GOAL OF THE EXERCISE:
After dropping the pictures, give again exactly the lines of the data from its first line through the line with "[root@localhost ~]# cp", which is included as well.

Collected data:
_ _ _ _ _
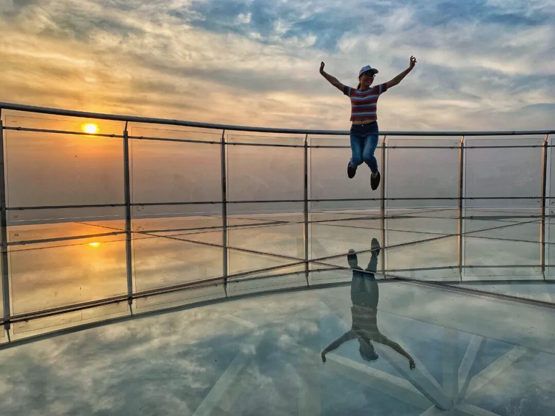 黛眉山的玻璃栈道,全长约480米,宽1.8米,建在海拔1300米的悬崖之上。脚下就是万丈悬崖,站在千米高的玻璃上,整个人如悬空而立,透过玻璃往下看,不仅山间美景一览无余,还有更加强烈刺激的快感。
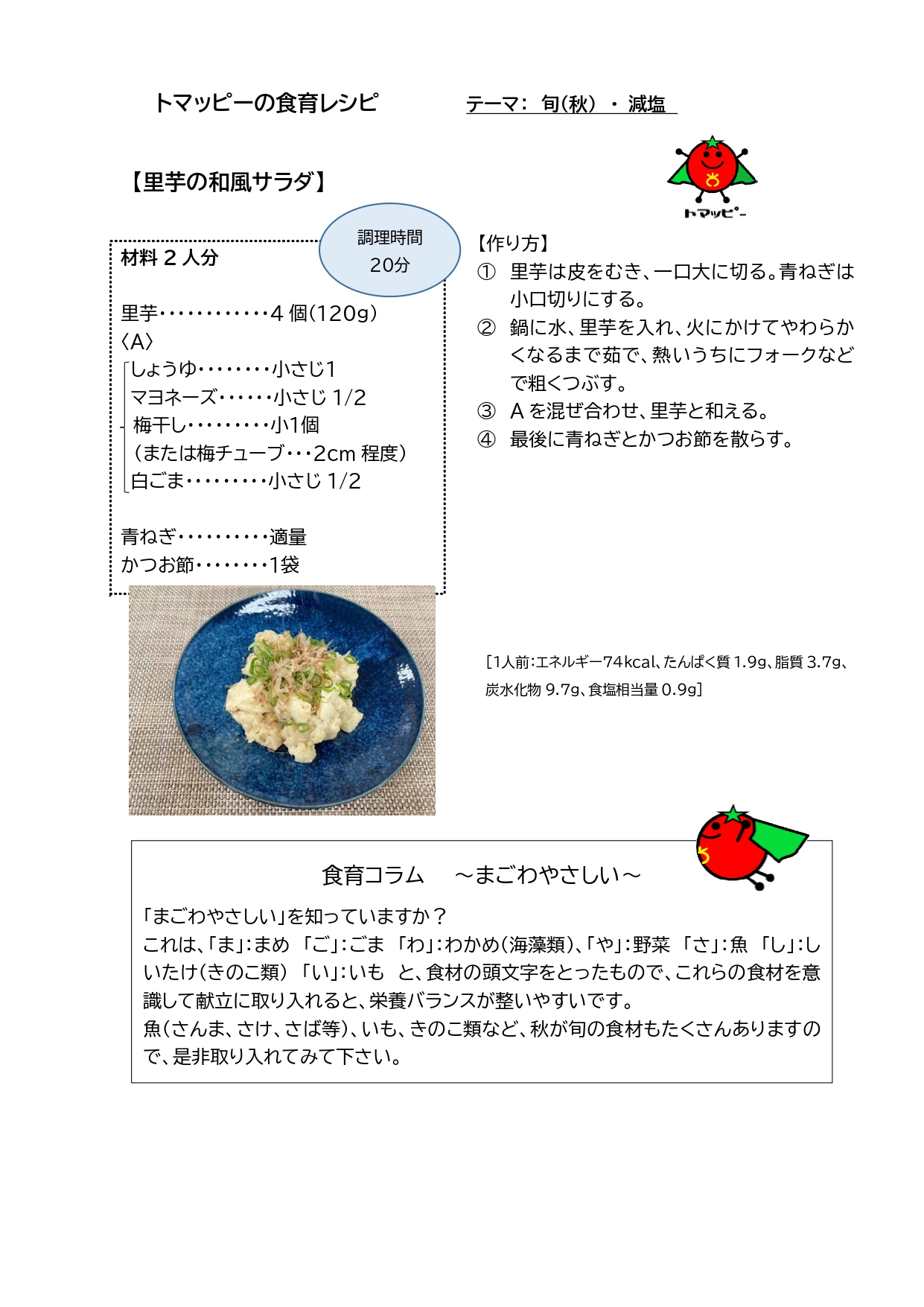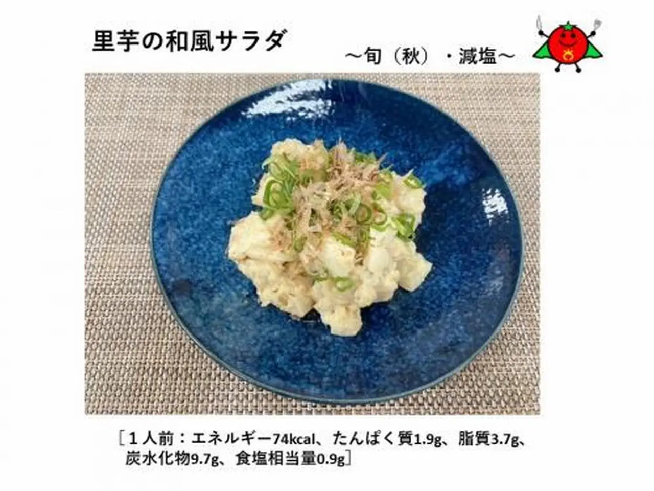 秋も深まりだし、やっと涼しいと感じることが出来る気候になって来た2025年10月19日の食育の日レシピは…「里芋の和風サラダ」です。
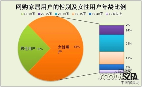 目前,我國家居網(wǎng)購的主力仍然以女性用戶為主,占比達65%,男性占比僅為35%。我國網(wǎng)購市場的整體比例也仍然以女性用戶為主,女性用戶喜歡去網(wǎng)上比較商品的價格、產(chǎn)品信息等。對于我國家居市場來說,女性對于家居的審美往往會比男性比較敏感,對于房子裝修等問題也是以女性用戶為主導(dǎo)意見。在女性用戶中,25-30歲的女性用戶占比達到26%。這部分人群處于結(jié)婚和即將結(jié)婚階段,而對于中國大多數(shù)人來說,結(jié)婚的前提主要是房子,而對于房子的裝修,往往以女性意見為參考。其次是30-35歲的女性用戶,占比達到19%。20-25歲的女性網(wǎng)購家居的比例達到了14%,這部分人群是網(wǎng)購的主要人群,對于價格比較敏感,在購買時更多的會選擇網(wǎng)絡(luò)購物。15-20歲之間的女性用戶幾乎沒有網(wǎng)購家居的習(xí)慣,占比僅為2%。35-40歲的女性用戶網(wǎng)購家居的比例為8%,40歲以上的女性用戶網(wǎng)購家居比例僅為5%。
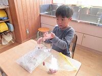 全員の準備ができたところで姿勢よく「いただきます。」の挨拶をしました。牛乳パックにストローを差し込むことも慣れてきました。「小学校の給食はおいしいですか。」と尋ねると、みんな「おいしい。」という感想を返してくれました。
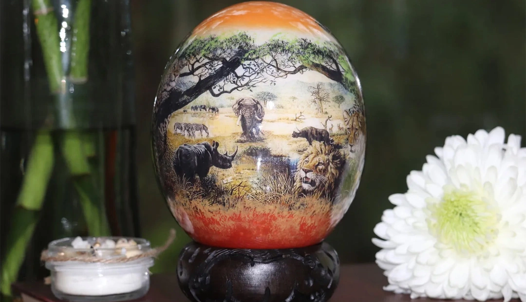 2. کندهکاری روی تخم شترمرغ در آفریقای جنوبی
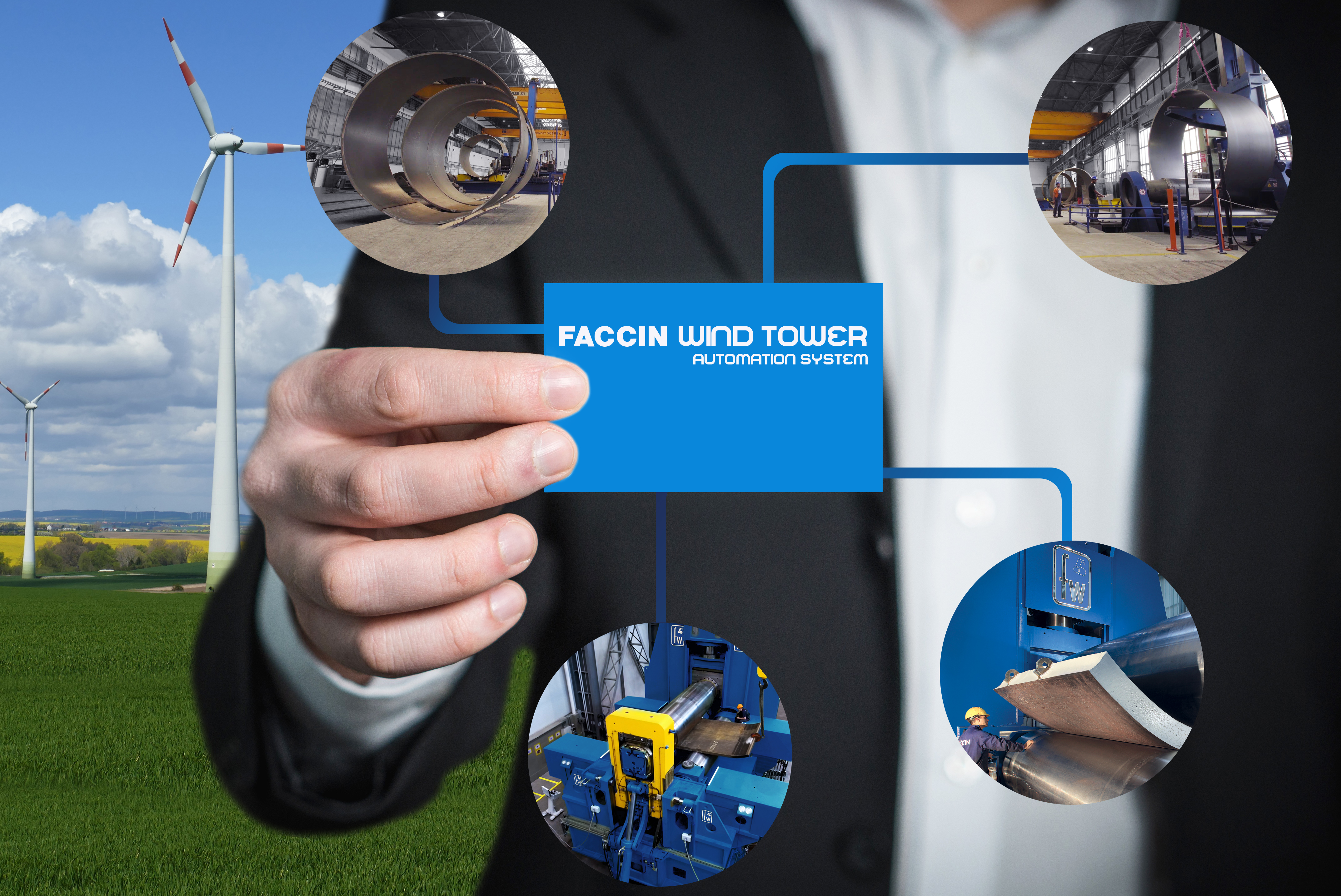 “Faccin is proud to have already supplied machines to the main players in Europe, USA and ASIA and to contribute to the green energy production. The company strongly believes in the future of the wind towers business onshore -particularly the offshore wind farms where the use of plate bending rolls is essential.”
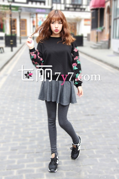 黑色印花上衣,袖子上的古典花朵刺绣看上去可爱又时尚,宽松版型能很好的遮挡身上的肉肉。搭配灰色褶皱高腰裙俏皮感十足,如果怕冷还可以在裙中加上一条同色系的打底裤。踩上一双运动鞋就能轻松出街赚回头率了。
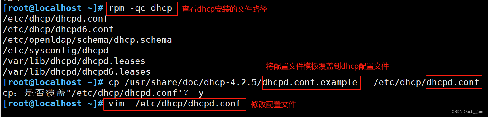 [root@localhost ~]# cp /usr/share/doc/dhcp-4.2.5/dhcpd.conf.example /etc/dhcp/dhcpd.conf
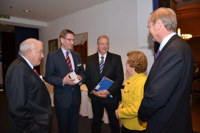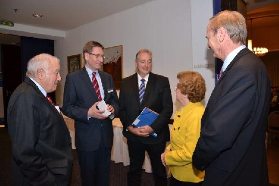 Auch Günther Beckstein ließ die momentane Lage der Flüchtlingsströme nach Europa und insbesondere Deutschland nicht unkommentiert und schilderte aus seinen Erfahrungen als langjähriger Innenminister heraus seine Einschätzung dazu. Er habe sich in seinem Amt fast 20 Jahre mit den Problemen der Zuwanderung beschäftigt und auf seinen Reisen vielerorts sehr bewegende Bilder gesehen, umso wichtiger sei nun die Hilfe in den vielen Flüchtlingseinrichtungen. „Ich bin geprägt von den Bildern im Libanon…“, sagte er und verwies auf die zu geringen Hilfszahlungen der UNO. Die ganze Situation zwischen Ausreise- und Aufnahmeland käme bereits einer „humanitären Katastrophe“ gleich. Dennoch müsse der derzeitige Zustand beendet werden, da Europa schlichtweg überfordert ist. Richtig sei der Weg, den Westbalkan zu Ländern sicherer Herkunft zu erklären. Ferner sprach er sich für die erneute Einhaltung des Dublin-Verfahrens aus, eine geregelte Aufnahmezahl von 200.000 oder 300.000 Flüchtlingen pro Jahr, um den illegalen Weg nach Europa zu verhindern und die konsequente Rückführung von nicht schutzbedürftigen Migranten. Umso wichtiger sei in diesem Zusammenhang, dass die Verbrechen gewaltbereiter Menschen gegen die Flüchtlinge oder ihre Unterkünfte verhindert werden. Ein derartiges Vorgehen empfindet Beckstein als äußerst „unethisch“ und „unanständig“.
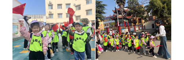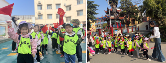 活動當天,陽光明媚,微風和煦。孩子們早早來到幼兒園,身著輕便的衣物,背著裝滿小零食的書包,臉上洋溢著期待與興奮的笑容,整齊列隊出發(fā)。一路上,孩子們歡聲笑語不斷,好奇地觀察著路邊綻放的花朵、抽芽的柳枝,嘰嘰喳喳地分享著自己發(fā)現(xiàn)的春日小秘密,稚嫩的童聲為春日的旅途增添了別樣的生機。
_ _ _ _ _
EXERCISE RESPONSE:
 黛眉山的玻璃栈道,全长约480米,宽1.8米,建在海拔1300米的悬崖之上。脚下就是万丈悬崖,站在千米高的玻璃上,整个人如悬空而立,透过玻璃往下看,不仅山间美景一览无余,还有更加强烈刺激的快感。
 秋も深まりだし、やっと涼しいと感じることが出来る気候になって来た2025年10月19日の食育の日レシピは…「里芋の和風サラダ」です。
 目前,我國家居網(wǎng)購的主力仍然以女性用戶為主,占比達65%,男性占比僅為35%。我國網(wǎng)購市場的整體比例也仍然以女性用戶為主,女性用戶喜歡去網(wǎng)上比較商品的價格、產(chǎn)品信息等。對于我國家居市場來說,女性對于家居的審美往往會比男性比較敏感,對于房子裝修等問題也是以女性用戶為主導(dǎo)意見。在女性用戶中,25-30歲的女性用戶占比達到26%。這部分人群處于結(jié)婚和即將結(jié)婚階段,而對于中國大多數(shù)人來說,結(jié)婚的前提主要是房子,而對于房子的裝修,往往以女性意見為參考。其次是30-35歲的女性用戶,占比達到19%。20-25歲的女性網(wǎng)購家居的比例達到了14%,這部分人群是網(wǎng)購的主要人群,對于價格比較敏感,在購買時更多的會選擇網(wǎng)絡(luò)購物。15-20歲之間的女性用戶幾乎沒有網(wǎng)購家居的習(xí)慣,占比僅為2%。35-40歲的女性用戶網(wǎng)購家居的比例為8%,40歲以上的女性用戶網(wǎng)購家居比例僅為5%。
 全員の準備ができたところで姿勢よく「いただきます。」の挨拶をしました。牛乳パックにストローを差し込むことも慣れてきました。「小学校の給食はおいしいですか。」と尋ねると、みんな「おいしい。」という感想を返してくれました。
 2. کندهکاری روی تخم شترمرغ در آفریقای جنوبی
 “Faccin is proud to have already supplied machines to the main players in Europe, USA and ASIA and to contribute to the green energy production. The company strongly believes in the future of the wind towers business onshore -particularly the offshore wind farms where the use of plate bending rolls is essential.”
 黑色印花上衣,袖子上的古典花朵刺绣看上去可爱又时尚,宽松版型能很好的遮挡身上的肉肉。搭配灰色褶皱高腰裙俏皮感十足,如果怕冷还可以在裙中加上一条同色系的打底裤。踩上一双运动鞋就能轻松出街赚回头率了。
 [root@localhost ~]# cp /usr/share/doc/dhcp-4.2.5/dhcpd.conf.example /etc/dhcp/dhcpd.conf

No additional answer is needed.